OK, so I went to write a simple comment and ended up with the below :/

While writing the comment I noticed two issues:

 - we update the waiter order fields while the entry is still enqueued
   on the pi_waiters tree, which is also sorted by these exact fields.

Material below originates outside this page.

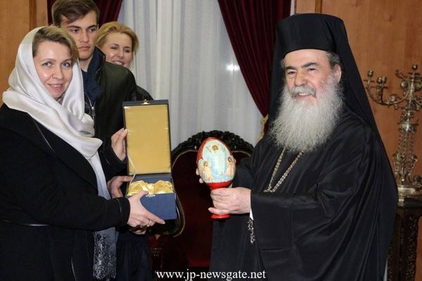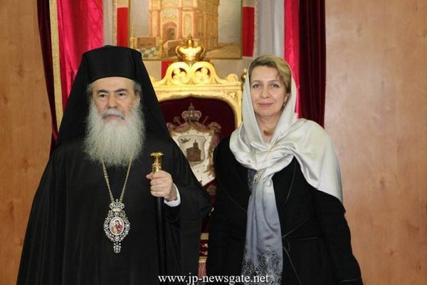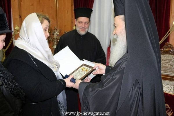 29 марта в Иерусалиме Светлану Медведеву принял Блаженнейший Патриарх Святого града Иерусалима и всей Палестины Феофил. Он выразил огромную радость по случаю ее визита и высказал слова благодарности за прекрасные связи между Иерусалимским и Московским Патриархатами и Правительством России, плодом которых явилось усиление экономической помощи со стороны России в восстановлении базилики Рождества в Вифлееме. В ходе беседы была затронута тема будущего восстановления Кувуклии Пресвятого Гроба Господня под руководством Национального политехнического университета Мецовион, высоким паломникам было предложено оказать содействие этому важному проекту.
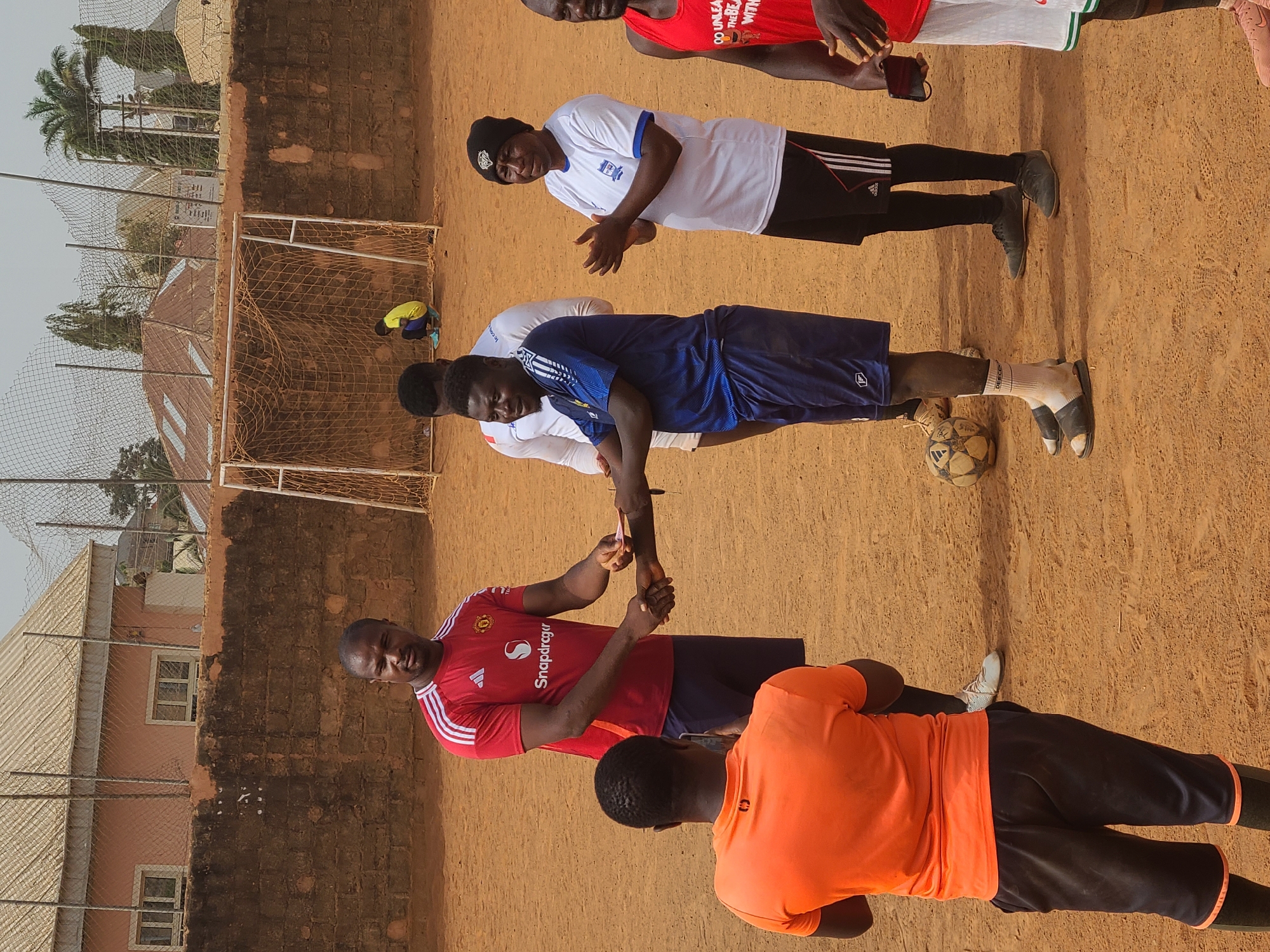 The image depicts an outdoor scene at an unpaved reddish-brown dirt football pitch in Barakin Lerawi, Nigeria

 - another one of these pure ->prio comparisons

Please double check, there be dragons here.

---

--- a/kernel/locking/rtmutex.c
+++ b/kernel/locking/rtmutex.c
@@ -158,6 +158,9 @@ static inline bool unlock_rt_mutex_safe(
 }
 #endif
 
+#define cmp_task(p)	\
+	&(struct rt_mutex_waiter){ .prio = (p)->prio, .deadline = (p)->dl.deadline }
+
 static inline int
 rt_mutex_waiter_less(struct rt_mutex_waiter *left,
 		     struct rt_mutex_waiter *right)
@@ -583,8 +586,26 @@ static int rt_mutex_adjust_prio_chain(st
 
 	/* [7] Requeue the waiter in the lock waiter tree. */
 	rt_mutex_dequeue(lock, waiter);
+
+	/*
+	 * Update the waiter prio fields now that we're dequeued.
+	 *
+	 * These values can have changed through either:
+	 *
+	 *   sys_sched_set_scheduler() / sys_sched_setattr()
+	 *
+	 * or
+	 *
+	 *   DL CBS enforcement advancing the effective deadline.
+	 *
+	 * Even though pi_waiters also uses these fields, and that tree is only
+	 * updated in [11], we can do this here, since we hold [L], which
+	 * serializes all pi_waiters access and rb_erase() does not care about
+	 * the values of the node being removed.
+	 */
 	waiter->prio = task->prio;
 	waiter->deadline = task->dl.deadline;
+
 	rt_mutex_enqueue(lock, waiter);
 
 	/* [8] Release the task */
@@ -711,6 +732,8 @@ static int rt_mutex_adjust_prio_chain(st
 static int try_to_take_rt_mutex(struct rt_mutex *lock, struct task_struct *task,
 				struct rt_mutex_waiter *waiter)
 {
+	lockdep_assert_held(&lock->wait_lock);
+
 	/*
 	 * Before testing whether we can acquire @lock, we set the
 	 * RT_MUTEX_HAS_WAITERS bit in @lock->owner. This forces all
@@ -770,7 +793,8 @@ static int try_to_take_rt_mutex(struct r
 			 * the top waiter priority (kernel view),
 			 * @task lost.
 			 */
-			if (task->prio >= rt_mutex_top_waiter(lock)->prio)
+			if (!rt_mutex_waiter_less(cmp_task(task),
+						  rt_mutex_top_waiter(lock)))
 				return 0;
 
 			/*
@@ -838,6 +862,8 @@ static int task_blocks_on_rt_mutex(struc
 	struct rt_mutex *next_lock;
 	int chain_walk = 0, res;
 
+	lockdep_assert_held(&lock->wait_lock);
+
 	/*
 	 * Early deadlock detection. We really don't want the task to
 	 * enqueue on itself just to untangle the mess later. It's not
@@ -973,6 +999,8 @@ static void remove_waiter(struct rt_mute
 	struct task_struct *owner = rt_mutex_owner(lock);
 	struct rt_mutex *next_lock;
 
+	lockdep_assert_held(&lock->wait_lock);
+
 	raw_spin_lock(&current->pi_lock);
 	rt_mutex_dequeue(lock, waiter);
 	current->pi_blocked_on = NULL;